Two years ago, when she was 39, Rebeca Romero Rainey could have entered the Banking Exchange 20 Under 40 Awards contest if it had existed then. It’s hard to imagine she wouldn’t have been among the 20 people recognized based on her impressive credentials.
The new president and CEO of the Independent Community Bankers of America became president and CEO of Centinel Bank of Taos, N.Mex., in 1999 at the age of 22. At the time, she was the youngest bank CEO in the country at an age when many young people are driving their parents crazy as they try figure out what they’re going to do with their lives.
The bank had been founded by her grandfather, Eliu Romero, in 1969, and Romero Rainey, who worked there as a teller at 15, helped it grow and thrive over her nearly 20 years at the bank. She served as chairman of the New Mexico Bankers Association and rose to be chairman of ICBA for the 2016-17 year before accepting the association’s offer to replace Camden Fine as CEO when he retired effective May 1.

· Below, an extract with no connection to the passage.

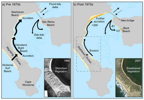 36], and their mobility led to large amounts of sand being supplied from Woolamai Beach to the Cleveland Bight Beach, which prograded up to 80 m from 1867 to 1960. The available sand was transported via longshore currents supplying material for the downdrift shores all the way to Newhaven Beach (
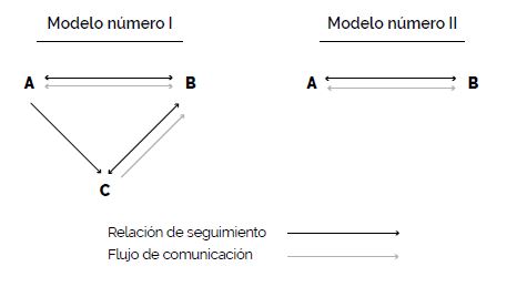 De igual forma, los concejales concentran la emisión de sus mensajes y las discusiones de los asuntos públicos con líderes de opinión dentro de la red y no democratizan sus emisiones a todos los usuarios. Por lo tanto, de acuerdo con Moya y Herrera (2016), bajo el modelo número I se analizó que A es el concejal, B es el líder de opinión y C son los ciber-ciudadanos (Ver figura 9). A y B (Modelo número II) mantienen una relación de discusión constante, mientras que C sólo es espectador de la discusión. Además, B es quien mayormente responde a los mensajes emitidos por C, ya que el interés de A es difundir información, usando erróneamente las redes sociales digitales.

When we interviewed Romero Rainey in the ICBA offices on May 21, the day before the House passed the regulatory relief bill (S. 2155), she said the only negative about taking the association post was having to leave the family bank.

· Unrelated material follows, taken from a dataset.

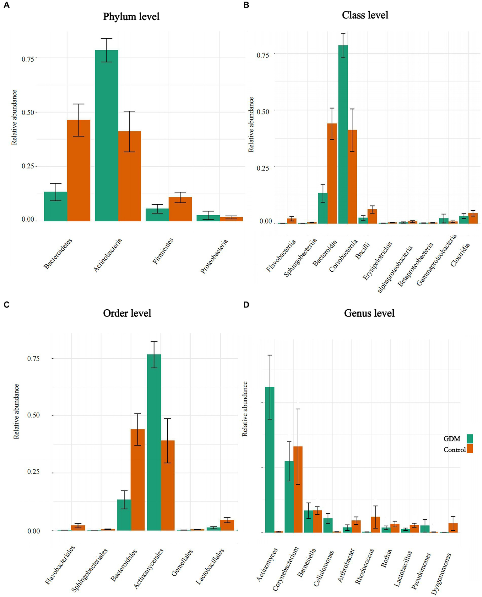 The abundance of Lactobacillales was lower in the GDM group than in the control group at the order level. The two orders with large differences in relative abundance were Actinomycetales and Bacteroidales. Actinomycetales had the highest abundance among the bacterial groups in the GDM group, which was twice as high as that in the control group. However, Bacteroidales was the most abundant order in the control group; it was nearly three times more abundant than that in the GDM group. Flavobacteriales were slightly less abundant in the GDM group. All the above results were statistically significant (p < 0.05; see Figure 3C). However, compared in the control group, the abundance of Bifidobacteriales was higher (p > 0.05).

“At the end of the day,” she said, “it came back to my deep-rooted belief in the community banking industry and its business model, and the calling to serve the industry beyond the walls of Centinel Bank and beyond the community of Taos.”
Romero Rainey and her husband, John, and their two daughters moved to Washington last August so the girls could start school in Washington. She officially joined ICBA in January.
She, of course, already knew the staff well and had met many key players in the nation’s capitol, including both President Obama and President Trump. Asked about developing the connections so necessary to any Washington trade group executive, Romero Rainey described it as not much different from the relationship building she’d been doing as a bank CEO.
“It’s taking the time to sit face-to-face and get to know the folks that are in the positions we’re working with—finding the common ground where we can work together.” Lots of “meet and greets” in other words, plus speaking at different events locally.
She believes her firsthand knowledge of the impact on community banks of regulation (BSA and mortgage lending rules were especially difficult, she says) and of having seen the opportunities for innovation in the fintech era will be a plus in her new role.
In the following edited dialogue, Romero Rainey shares her views on the future of community banking, bringing young people into banking, innovation and technology, and the further work needed to achieve proportionate regulation—a level playing field.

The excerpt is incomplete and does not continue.